### Description of the task
Using the data below, return the stretch from the line that contains "Vestido de fiesta" through the line that contains "Na obrázkoch nižšie", both included, exactly as it stands and nothing beyond it.

### Exercise data
··········

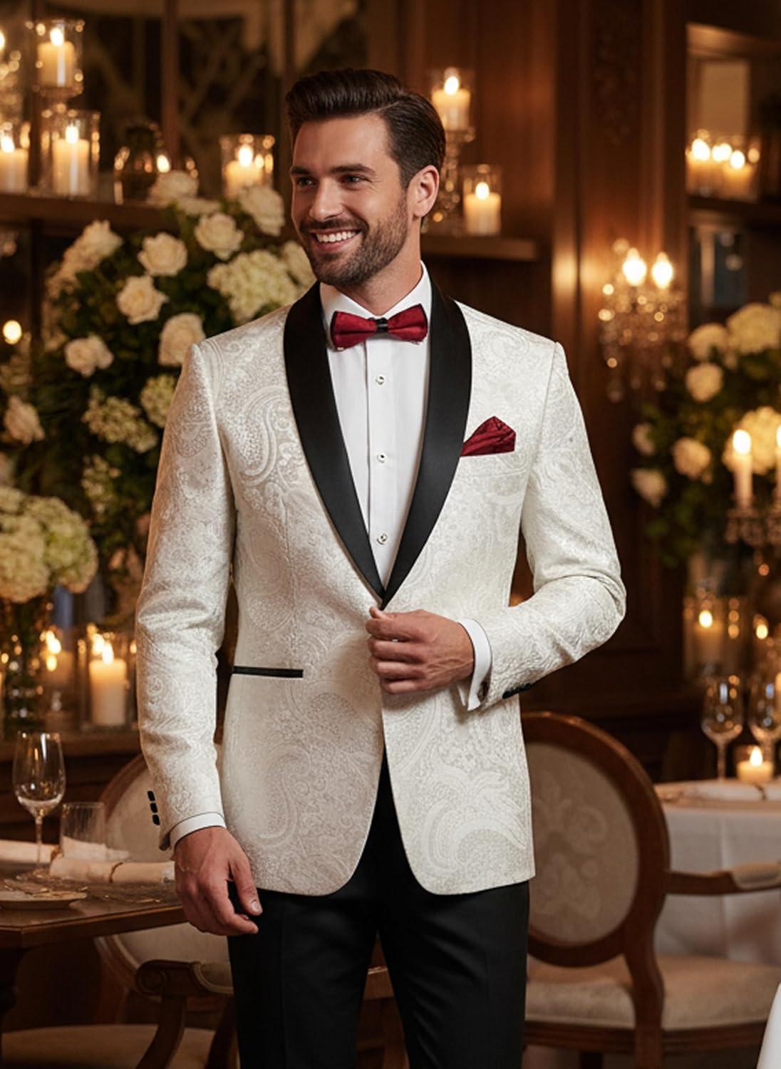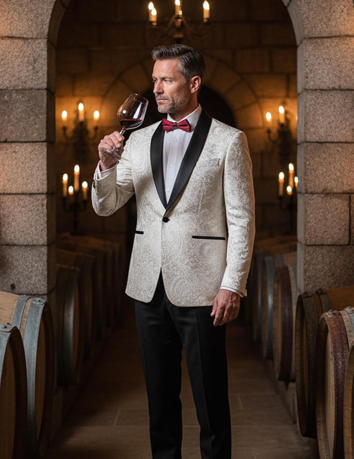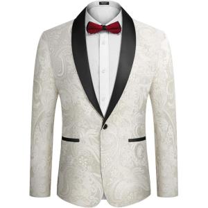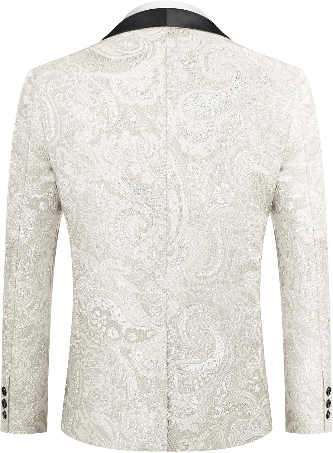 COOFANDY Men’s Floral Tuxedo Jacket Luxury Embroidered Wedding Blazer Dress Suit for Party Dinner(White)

··········

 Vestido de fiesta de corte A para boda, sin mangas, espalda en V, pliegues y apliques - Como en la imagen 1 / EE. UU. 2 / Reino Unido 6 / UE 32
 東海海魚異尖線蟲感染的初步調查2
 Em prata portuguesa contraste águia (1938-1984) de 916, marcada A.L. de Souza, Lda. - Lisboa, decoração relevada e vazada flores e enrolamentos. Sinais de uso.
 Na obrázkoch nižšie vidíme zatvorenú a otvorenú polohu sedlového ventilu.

··········

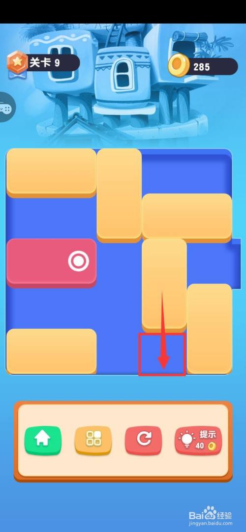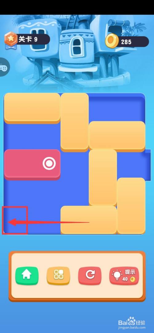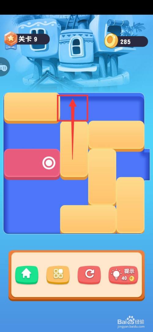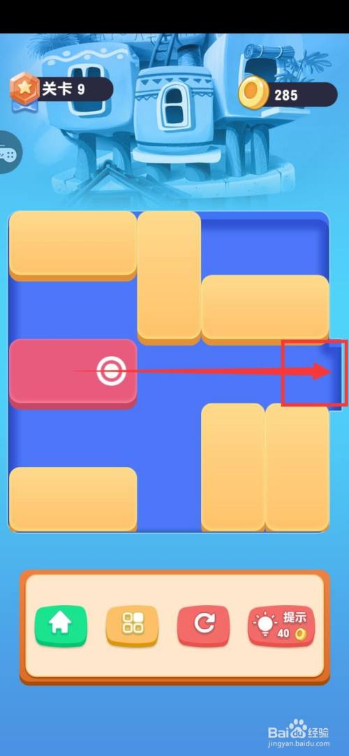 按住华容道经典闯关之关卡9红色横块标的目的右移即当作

··········

### Result
 Vestido de fiesta de corte A para boda, sin mangas, espalda en V, pliegues y apliques - Como en la imagen 1 / EE. UU. 2 / Reino Unido 6 / UE 32
 東海海魚異尖線蟲感染的初步調查2
 Em prata portuguesa contraste águia (1938-1984) de 916, marcada A.L. de Souza, Lda. - Lisboa, decoração relevada e vazada flores e enrolamentos. Sinais de uso.
 Na obrázkoch nižšie vidíme zatvorenú a otvorenú polohu sedlového ventilu.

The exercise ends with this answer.